→ **Problem**
Beginning with the line containing "noite em Natal" and going on through the line containing "Рис. 2. Форми", the lines below are to be returned exactly, pictures excluded and nothing added.
[Listed entries]
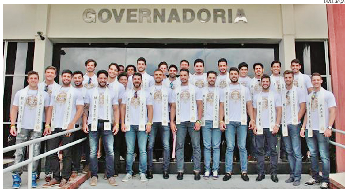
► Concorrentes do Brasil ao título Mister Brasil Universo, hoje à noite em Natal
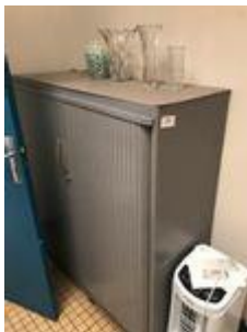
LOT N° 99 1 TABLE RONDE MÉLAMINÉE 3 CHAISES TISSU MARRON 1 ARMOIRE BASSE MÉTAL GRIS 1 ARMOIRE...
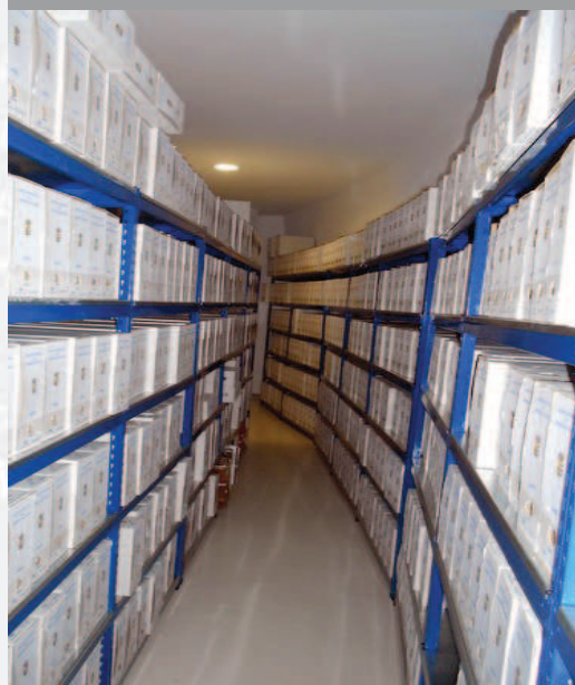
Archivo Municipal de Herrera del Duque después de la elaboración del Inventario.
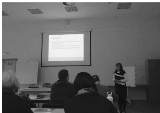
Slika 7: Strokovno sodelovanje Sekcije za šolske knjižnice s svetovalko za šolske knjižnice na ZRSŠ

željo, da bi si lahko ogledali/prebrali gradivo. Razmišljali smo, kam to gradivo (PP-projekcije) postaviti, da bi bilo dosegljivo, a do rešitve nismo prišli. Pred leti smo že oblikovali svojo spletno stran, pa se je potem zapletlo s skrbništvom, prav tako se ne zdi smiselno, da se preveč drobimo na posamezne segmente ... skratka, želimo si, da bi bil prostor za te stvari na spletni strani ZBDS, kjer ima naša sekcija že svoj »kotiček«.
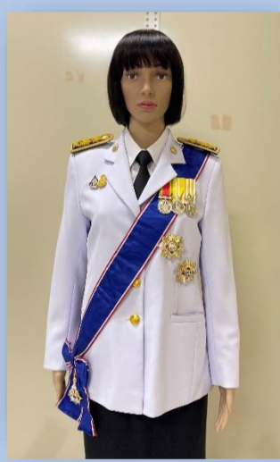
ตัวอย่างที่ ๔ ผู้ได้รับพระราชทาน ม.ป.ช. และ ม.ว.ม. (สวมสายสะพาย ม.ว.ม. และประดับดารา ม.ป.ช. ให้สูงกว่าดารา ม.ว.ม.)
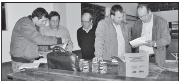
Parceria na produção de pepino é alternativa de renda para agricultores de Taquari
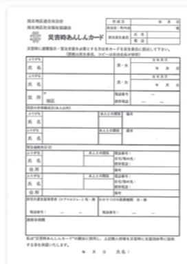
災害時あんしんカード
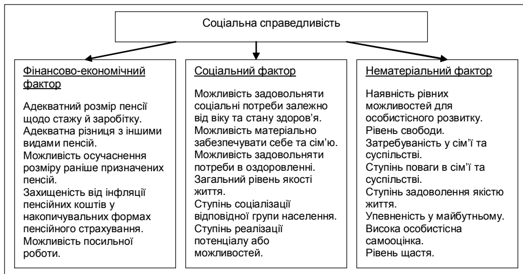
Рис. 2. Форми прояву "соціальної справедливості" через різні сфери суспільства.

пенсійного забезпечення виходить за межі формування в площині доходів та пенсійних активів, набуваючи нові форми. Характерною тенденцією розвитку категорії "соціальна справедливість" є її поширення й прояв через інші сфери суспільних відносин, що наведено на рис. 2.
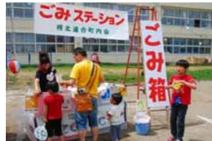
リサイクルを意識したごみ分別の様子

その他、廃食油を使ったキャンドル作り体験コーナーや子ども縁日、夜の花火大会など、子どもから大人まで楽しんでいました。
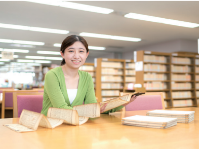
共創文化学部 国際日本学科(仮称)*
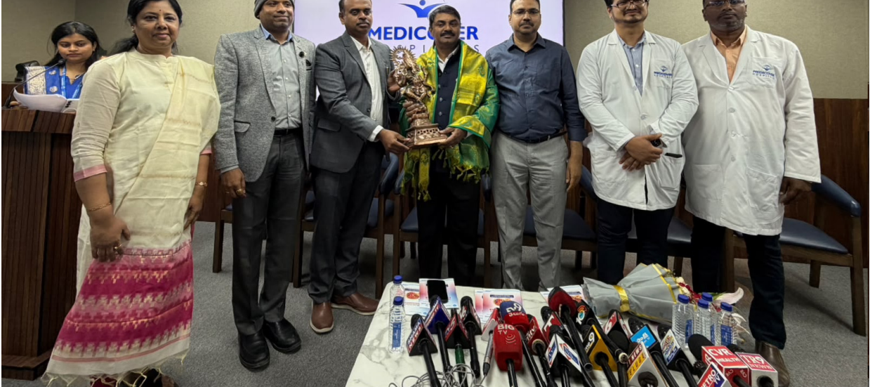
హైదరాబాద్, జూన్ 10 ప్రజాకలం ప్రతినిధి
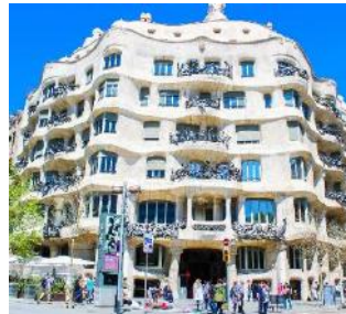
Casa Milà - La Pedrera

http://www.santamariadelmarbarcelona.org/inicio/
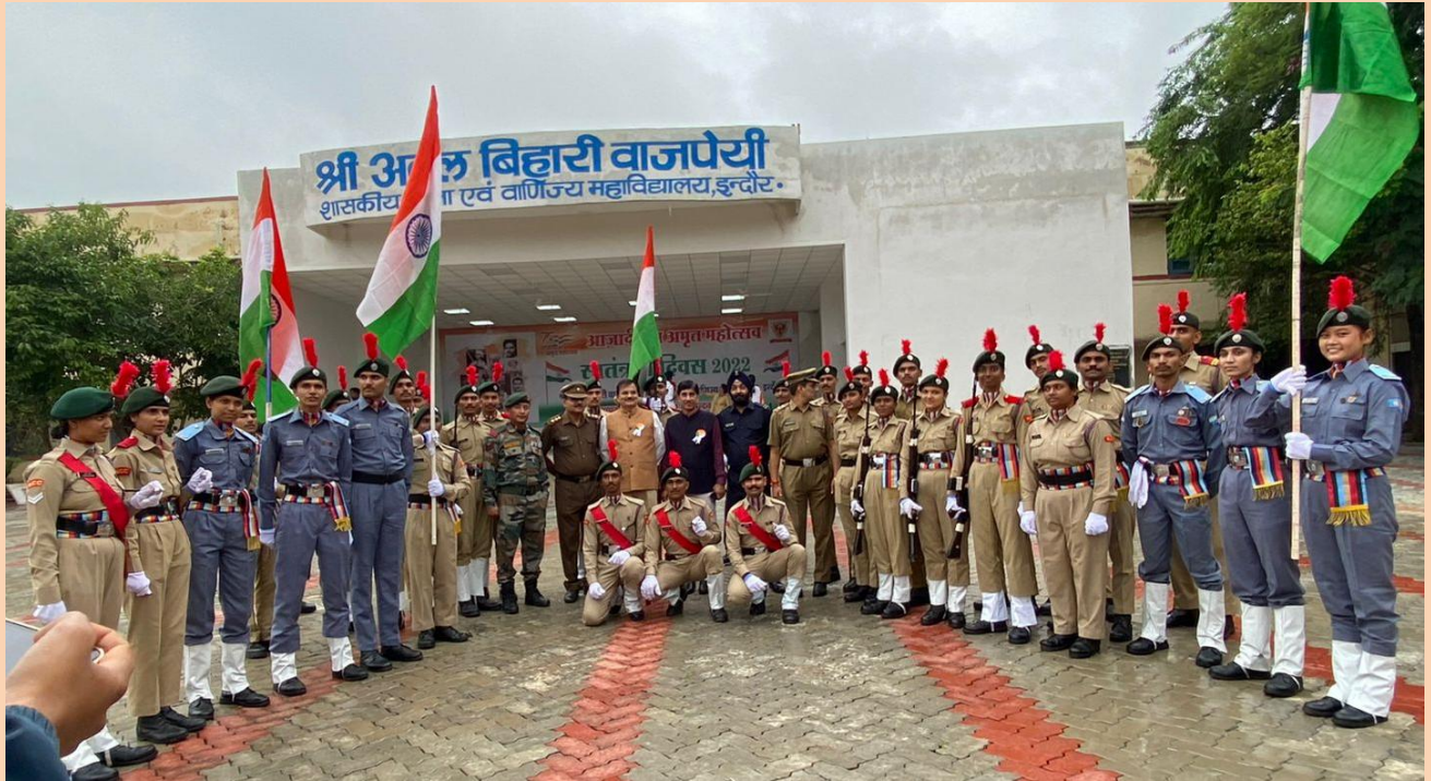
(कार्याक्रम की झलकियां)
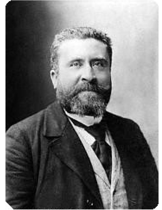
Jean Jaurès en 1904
[/Listed entries]
[Listed entries]
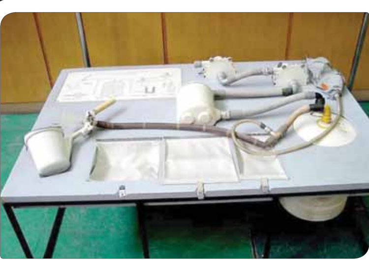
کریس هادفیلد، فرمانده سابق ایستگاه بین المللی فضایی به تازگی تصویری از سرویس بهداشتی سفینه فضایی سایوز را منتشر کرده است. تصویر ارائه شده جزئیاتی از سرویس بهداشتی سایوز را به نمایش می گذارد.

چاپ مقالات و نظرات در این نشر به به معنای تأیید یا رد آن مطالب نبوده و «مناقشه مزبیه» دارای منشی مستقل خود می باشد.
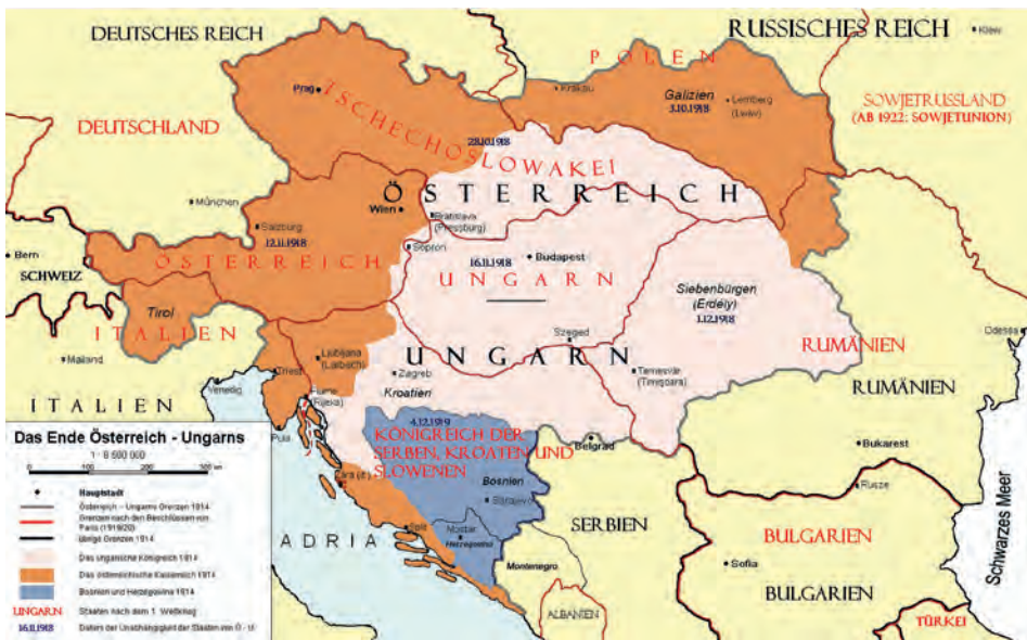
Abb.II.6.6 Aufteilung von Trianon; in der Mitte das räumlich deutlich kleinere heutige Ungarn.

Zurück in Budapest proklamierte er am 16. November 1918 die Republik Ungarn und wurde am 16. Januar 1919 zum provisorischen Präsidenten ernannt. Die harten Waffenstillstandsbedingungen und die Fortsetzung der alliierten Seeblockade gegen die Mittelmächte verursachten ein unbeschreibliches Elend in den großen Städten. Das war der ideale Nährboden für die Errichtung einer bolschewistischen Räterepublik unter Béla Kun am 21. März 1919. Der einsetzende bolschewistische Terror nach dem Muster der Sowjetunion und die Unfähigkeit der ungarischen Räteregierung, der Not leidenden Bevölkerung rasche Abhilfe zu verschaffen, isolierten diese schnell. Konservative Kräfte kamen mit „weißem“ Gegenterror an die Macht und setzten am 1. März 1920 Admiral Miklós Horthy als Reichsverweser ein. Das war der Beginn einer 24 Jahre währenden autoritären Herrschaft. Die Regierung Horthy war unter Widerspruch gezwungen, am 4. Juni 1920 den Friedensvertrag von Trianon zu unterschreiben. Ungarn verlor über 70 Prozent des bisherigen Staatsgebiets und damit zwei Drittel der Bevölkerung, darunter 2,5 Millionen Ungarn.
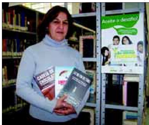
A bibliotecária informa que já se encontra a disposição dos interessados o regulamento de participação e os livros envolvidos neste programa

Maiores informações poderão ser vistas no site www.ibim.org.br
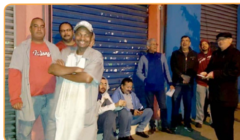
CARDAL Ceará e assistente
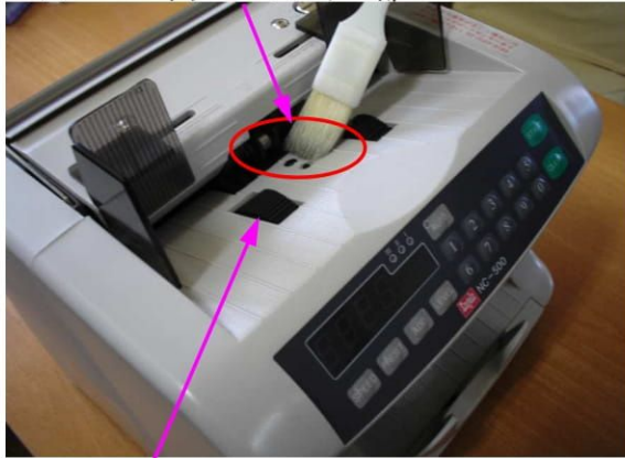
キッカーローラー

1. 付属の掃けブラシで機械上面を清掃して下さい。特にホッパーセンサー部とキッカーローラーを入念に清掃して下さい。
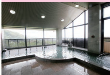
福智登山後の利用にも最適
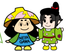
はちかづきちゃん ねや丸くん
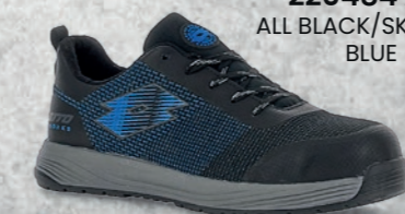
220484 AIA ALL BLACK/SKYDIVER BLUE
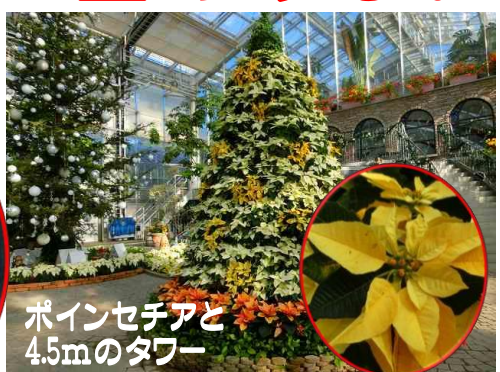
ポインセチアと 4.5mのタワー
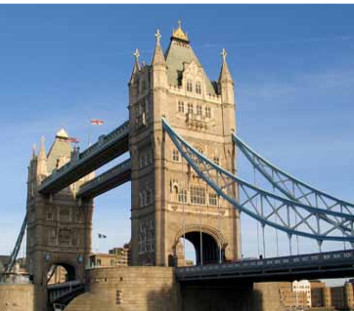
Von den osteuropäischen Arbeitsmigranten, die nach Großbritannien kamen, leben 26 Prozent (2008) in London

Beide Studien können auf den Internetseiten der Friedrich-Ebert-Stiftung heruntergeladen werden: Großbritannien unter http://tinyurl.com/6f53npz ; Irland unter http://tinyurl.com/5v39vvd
[/Listed entries]
→ **Answer section**
► Concorrentes do Brasil ao título Mister Brasil Universo, hoje à noite em Natal
LOT N° 99 1 TABLE RONDE MÉLAMINÉE 3 CHAISES TISSU MARRON 1 ARMOIRE BASSE MÉTAL GRIS 1 ARMOIRE...
Archivo Municipal de Herrera del Duque después de la elaboración del Inventario.
Slika 7: Strokovno sodelovanje Sekcije za šolske knjižnice s svetovalko za šolske knjižnice na ZRSŠ

željo, da bi si lahko ogledali/prebrali gradivo. Razmišljali smo, kam to gradivo (PP-projekcije) postaviti, da bi bilo dosegljivo, a do rešitve nismo prišli. Pred leti smo že oblikovali svojo spletno stran, pa se je potem zapletlo s skrbništvom, prav tako se ne zdi smiselno, da se preveč drobimo na posamezne segmente ... skratka, želimo si, da bi bil prostor za te stvari na spletni strani ZBDS, kjer ima naša sekcija že svoj »kotiček«.
ตัวอย่างที่ ๔ ผู้ได้รับพระราชทาน ม.ป.ช. และ ม.ว.ม. (สวมสายสะพาย ม.ว.ม. และประดับดารา ม.ป.ช. ให้สูงกว่าดารา ม.ว.ม.)
Parceria na produção de pepino é alternativa de renda para agricultores de Taquari
災害時あんしんカード
Рис. 2. Форми прояву "соціальної справедливості" через різні сфери суспільства.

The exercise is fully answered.